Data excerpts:
..............................

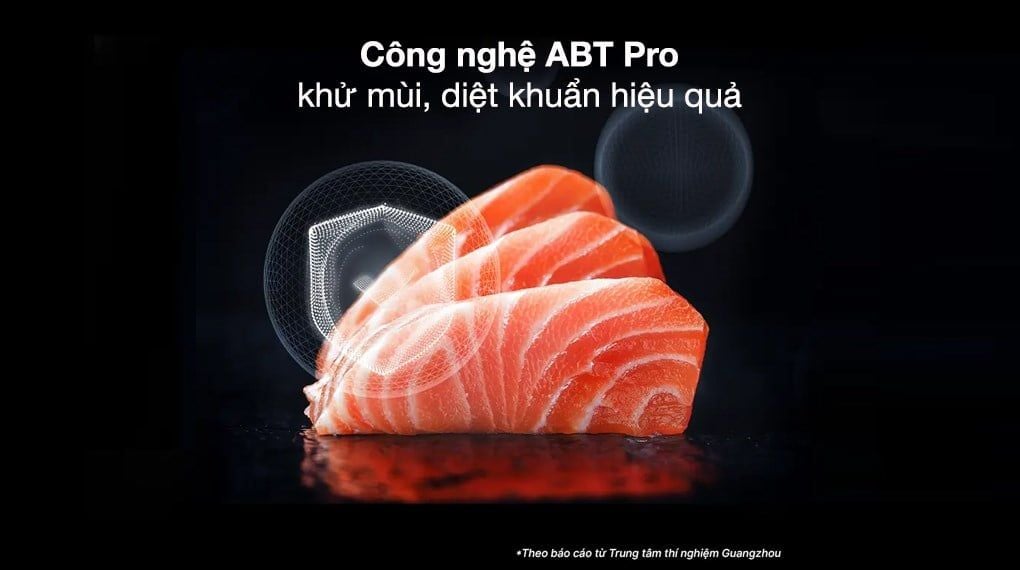 Với công nghệ ABT Pro, khi hệ thống làm lạnh vận hành, mô-đun ABT Pro xúc tác với không khí, tạo ra những hạt phân tử ion oxi âm phân hủy vi khuẩn, phân tử mùi với hiệu quả lên tới 99,99% giữ cho môi trường bảo quản thực phẩm trong lành và đảm bảo vệ sinh.
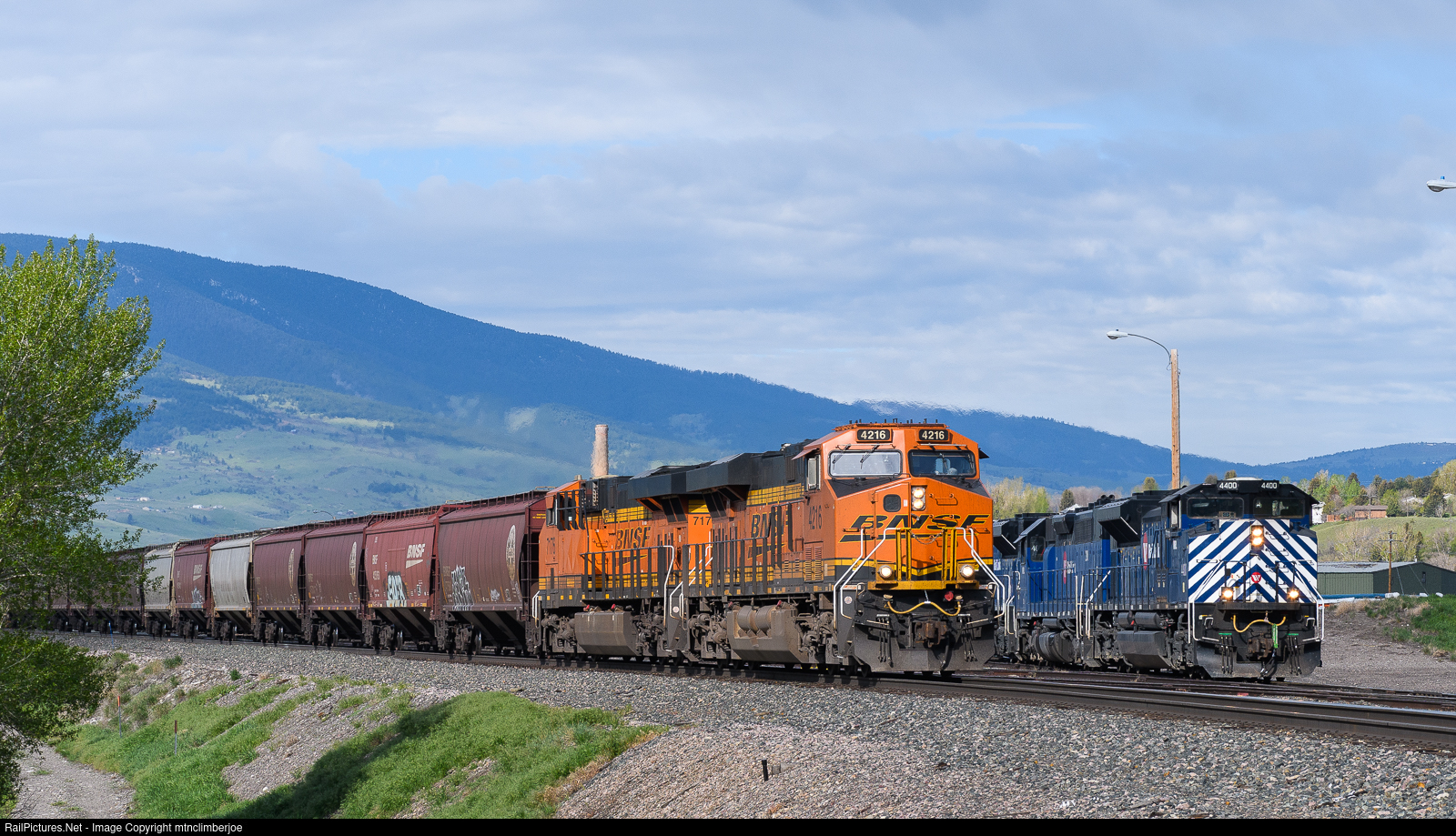 | A pair of BNSF ES44C4's lead an empty grain train as it hustles east through Livingston, Montana after descending from Bozeman Pass. Meanwhile, a Montana Rail Link helper set eases out of the yard to cut in to the middle of a westbound loaded coal train, which it will assist up and over the pass. |
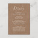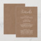 Diseñada para coordinar con nuestra Minimalista Colección Rustica, esta tarjeta de gabinete de detalles de personalizable presenta un tipo de letra clásico blanco sobre un fondo de efecto kraft. Es una colección rústica sencilla y minimalista, muy versátil y adecuada para cualquier temporada de boda. Para una personalización más avanzada de este diseño, por ejemplo, cambiar el diseño, el tamaño de letra o el tamaño del texto, haga clic en el botón "PERSONALIZAR" de arriba. Por favor, contáctame para cualquier pregunta.
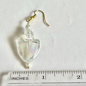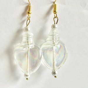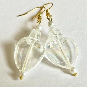 Art Glass AB Conch Shell Earrings White Pearl Murano Style Gold Plated
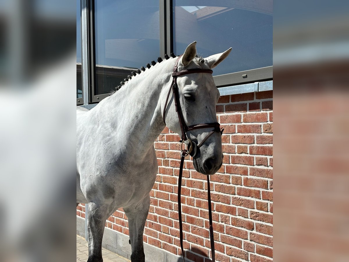 We are looking for a perfect home for our beautiful grey gelding. He is very well-mannered, easy to ride, and has a high level of training in dressage. An absolute character horse both at home and at competitions. He has placed up to S* level, has won several M classes, demonstrating his reliability, and competed at the World Championship for Young Jumping Horses when he was 6 years old. We can very well imagine him as a horse for a transition or a beginner, as he is never headstrong or unruly. A great horse with a lot of potential to develop together and have fun. A good vet check is available.
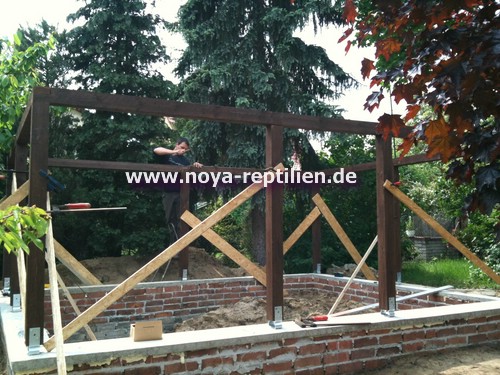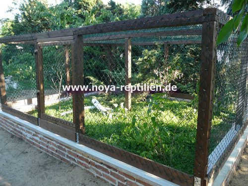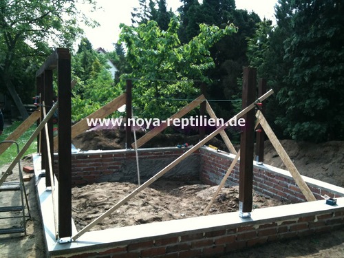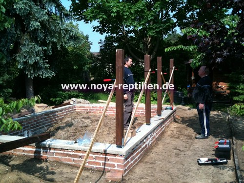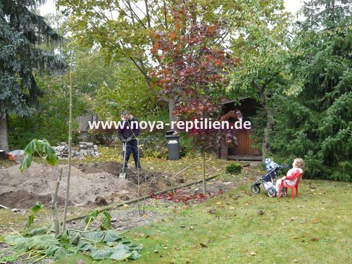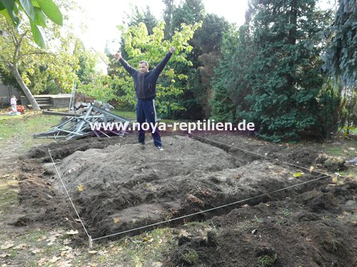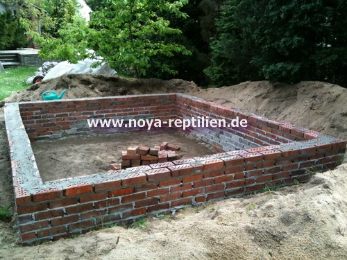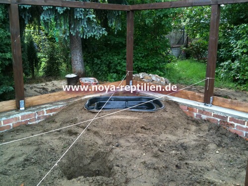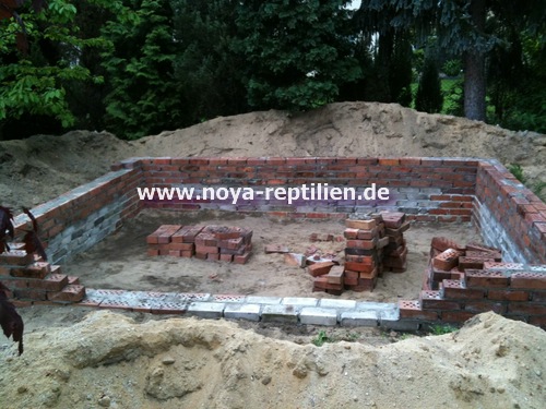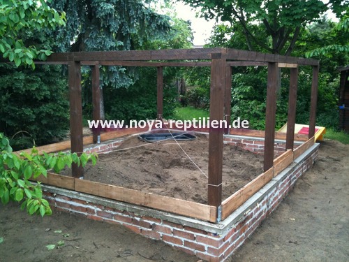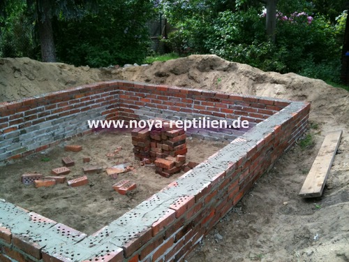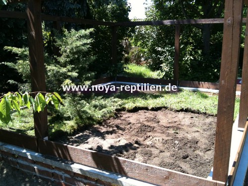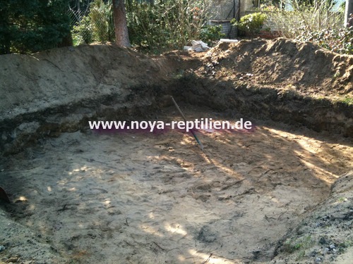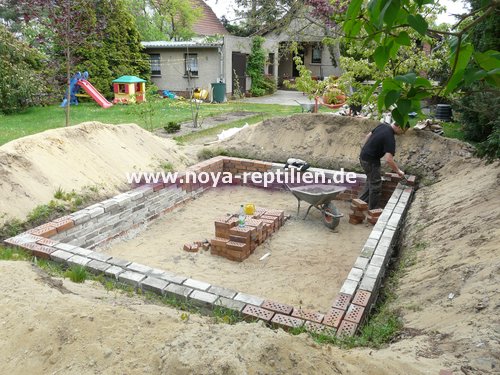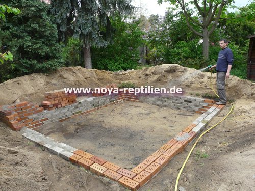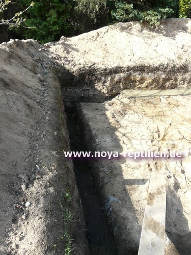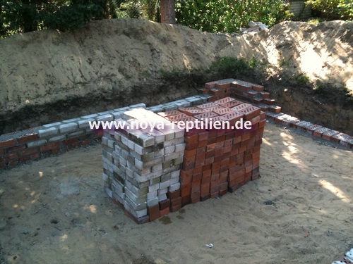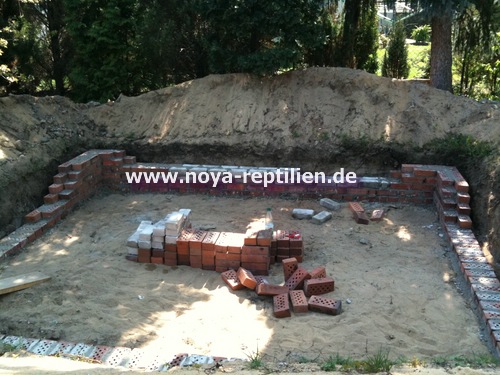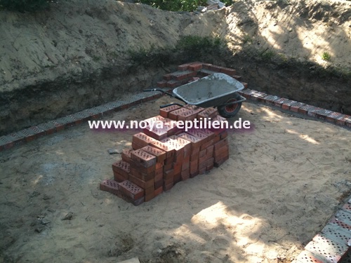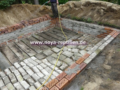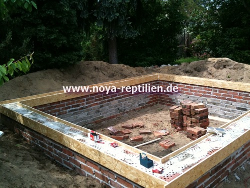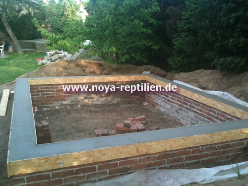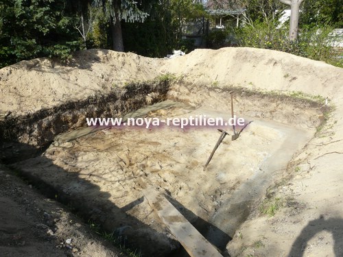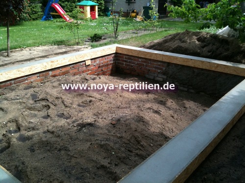 Da Tejus ja bekanntlich buddeln, müssen wir ihnen die Möglichkeit nehmen, sich aus der Anlage herauszugraben. Dazu werden wir in einer gewissen Tiefe eine Betonplatte einbringen und die Seiten mauern.

..............................

▶ **What to produce**: Restate the lines above from the one containing "the pass. |" through the one containing "We are looking", inclusive, exactly and without pictures.

▶ **The completed task**:
 | A pair of BNSF ES44C4's lead an empty grain train as it hustles east through Livingston, Montana after descending from Bozeman Pass. Meanwhile, a Montana Rail Link helper set eases out of the yard to cut in to the middle of a westbound loaded coal train, which it will assist up and over the pass. |
 Diseñada para coordinar con nuestra Minimalista Colección Rustica, esta tarjeta de gabinete de detalles de personalizable presenta un tipo de letra clásico blanco sobre un fondo de efecto kraft. Es una colección rústica sencilla y minimalista, muy versátil y adecuada para cualquier temporada de boda. Para una personalización más avanzada de este diseño, por ejemplo, cambiar el diseño, el tamaño de letra o el tamaño del texto, haga clic en el botón "PERSONALIZAR" de arriba. Por favor, contáctame para cualquier pregunta.
 Art Glass AB Conch Shell Earrings White Pearl Murano Style Gold Plated
 We are looking for a perfect home for our beautiful grey gelding. He is very well-mannered, easy to ride, and has a high level of training in dressage. An absolute character horse both at home and at competitions. He has placed up to S* level, has won several M classes, demonstrating his reliability, and competed at the World Championship for Young Jumping Horses when he was 6 years old. We can very well imagine him as a horse for a transition or a beginner, as he is never headstrong or unruly. A great horse with a lot of potential to develop together and have fun. A good vet check is available.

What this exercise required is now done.